A small IPython experiment reveals:
In [30]: %timeit pg_cur.execute("SELECT recid FROM test WHERE data->>'year'=%s;", ('2012',)) 10 loops, best of 3: 137 ms per loop In [31]: %timeit pg_cur.execute("SELECT data->>'recid' FROM test WHERE data->>'year'=%s;", ('2012',)) 10 loops, best of 3: 151 ms per loop
Returning record IDs from the SQL table column is faster than returning record IDs from the JSON data by about 10 per cent.
Conclusions
Let us represent the above tables in terms of relative MongoDB-time-over-PostgreSQL-time slowdown factor, for each run (without and with indexes, without and with Unicode PostgreSQL connectors):
================ ======= ======= ======= ======= query M/P Mi/Pi M/uP Mi/uPi ---------------- ------- ------- ------- ------- RCIDS(year=1970) 0.211 2.947 0.209 2.947 RCIDS(year=2012) 0.314 4.868 0.314 4.858 RCIDS(year>2012) 0.279 3.927 0.291 3.941 RCIDS(year>1970) 1.017 4.535 1.057 4.535 ---------------- ------- ------- ------- ------- AUTHS(year=1970) 0.213 1.686 0.213 1.372 AUTHS(year=2012) 0.299 1.324 0.295 1.081 AUTHS(year>2012) 0.310 1.259 0.302 1.033 AUTHS(year>1970) 0.646 1.212 0.565 1.032 ---------------- ------- ------- ------- ------- COUNT(year=1970) 0.191 1.820 0.191 1.798 COUNT(year=2012) 0.190 0.686 0.190 0.669 COUNT(year>2012) 0.176 0.407 0.176 0.396 COUNT(year>1970) 0.183 0.355 0.182 0.361 ================ ======= ======= ======= =======
We can conclude that:
- MongoDB is almost always faster when returning query counts.

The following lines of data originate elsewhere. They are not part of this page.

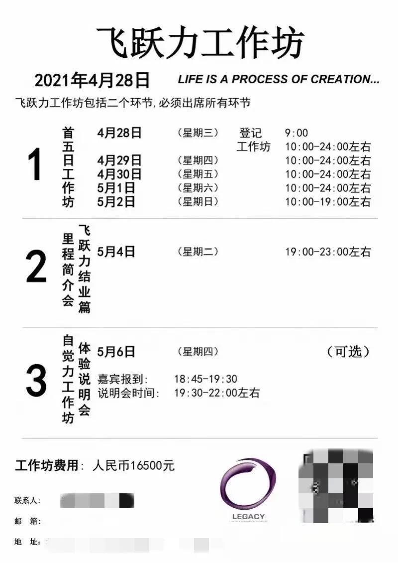 据其公众号介绍,不同的工作坊有着不同的学习时间和收费。其中,自觉力工作坊收费9800元,分为首五日工作坊、创新生活面谈和自觉力体验说明会3个阶段,第一阶段课时为3个晚上加2个整天。魏萌所参加的飞跃力工作坊是一个“强而有力、很具挑战性”的体验式工作坊,收费16500元。
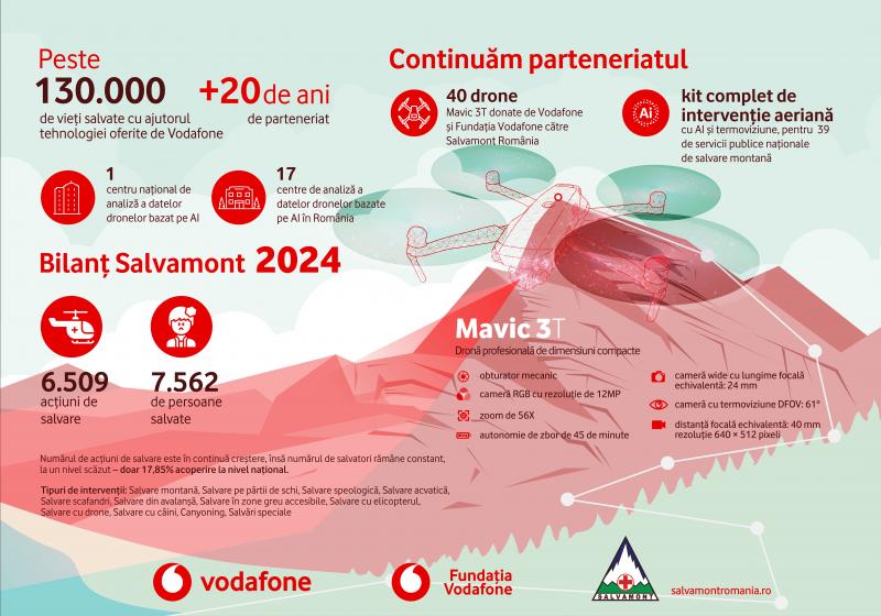 În ultimii 20 de ani, parteneriatul cu Vodafone și Fundația Vodafone a contribuit la peste 110.000 de intervenții și la salvarea a mai mult de 130.000 de vieți, într-un context în care numărul de apeluri crește constant, iar provocările devin tot mai complexe, de la drumeții la sporturi extreme. Cu un număr redus de salvatori activi zilnic pe munte, tehnologia devine forța multiplicatoare vitală: dronele de căutare, comunicațiile avansate și soluțiile digitale oferă echipelor șanse mai mari de a ajunge la timp acolo unde fiecare secundă contează.
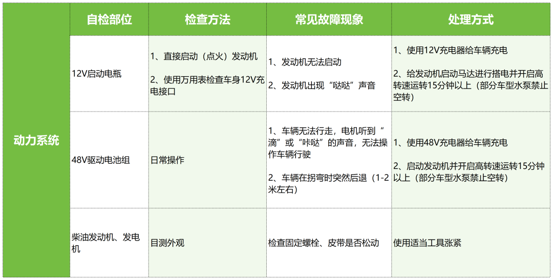 春为岁首,农为先行,眼下春耕备耕正由南向北次第展开。岚江科技果园机器人也全面进入春耕“备战”状态。工欲善其事,必先利其器,为确保设备在正式投入作业时的高效与稳定,开机前的全面检修与维护至关重要。为此,我们特别梳理了一份机器使用前检修指导措施,以及针对常见故障的处理方式,供广大果农参考。
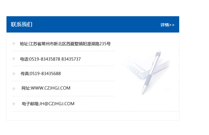 傳真:0519-83435688    郵編:213135    網址:WWW.czjhgj_com.yzxyg.com    電子郵箱:JH@czjhgj_com.yzxyg.com
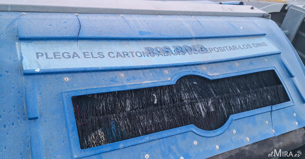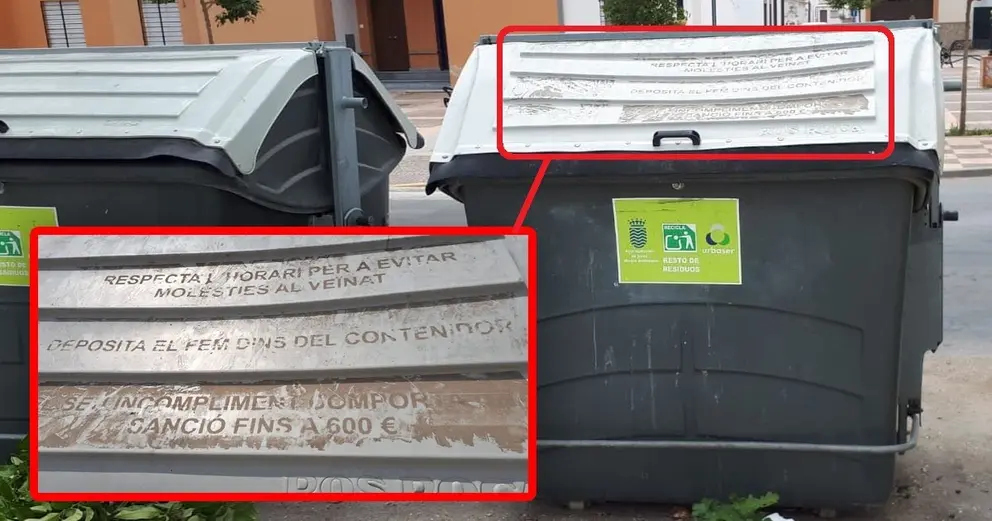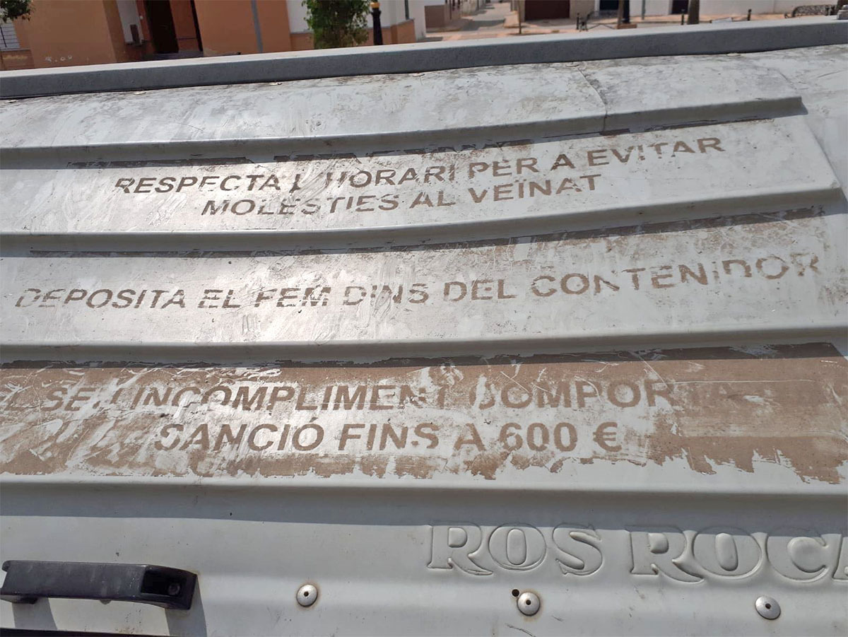 “RESPECTA L'HORARI PER A EVITAR MOLESTIES AL VEINAT” (Respeta el horario para evitar molestias al vecindario”, “DIPOSITA EL FEM DINS DEL CONTENIDOR” (Deposita la basura dentro del contenedor) o “EL SE INCOMPLIMENT COMPORTA SANCIÓ FINS A 600€” (El incumplimiento comporta una sanción de hasta 600 €), son las inscripciones en catalán que se pueden leer en el contenedor de Nueva Jarilla, que es el mismo que el colocado en el resto de la zona rural.
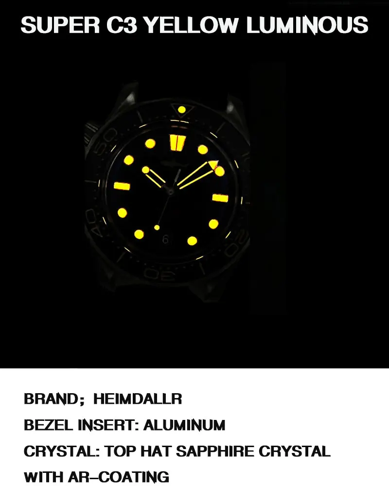 HEIMDALLR Diving Watch NH35A Automatic Mechanical C3 Luminous Black Blue White Dial Titanium Sea Ghost 200M Steel Nylon Strap
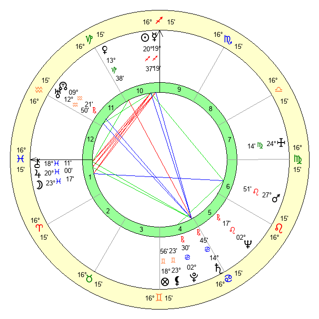 | Neptune | 2 Leo 17 | 27 Pisces 8 | 29 Cancer 54 |

- MongoDB is almost always faster for queries not using indexes.
- PostgreSQL is almost always faster for queries using indexes.
- It pays off to create indexes for often used JSON fields. Important gains may be expected, typically 1000 per cent.
- It pays off to return UTF-8 binary strings rather than Unicode strings if the application supports it. Moderate gains may be expected, typically 30 per cent.
- It pays off to use SQL columns for ID-like fields. Small gains may be expected, typically 10 per cent.
Functionality-wise, PostgreSQL offers a possibility to comfortably combine relational and non-relational data in the same database. The present tests showed that it achieves this in a very efficient manner, too. Coupled with offering user-level transaction mechanism, PostgreSQL seems to be an excellent all-in-one choice for mixed RDBMS-JSON applications.
Further outlook: it would be interesting to compare timings for "ElasticSearch-as-a-DB" JSON storage technique as well.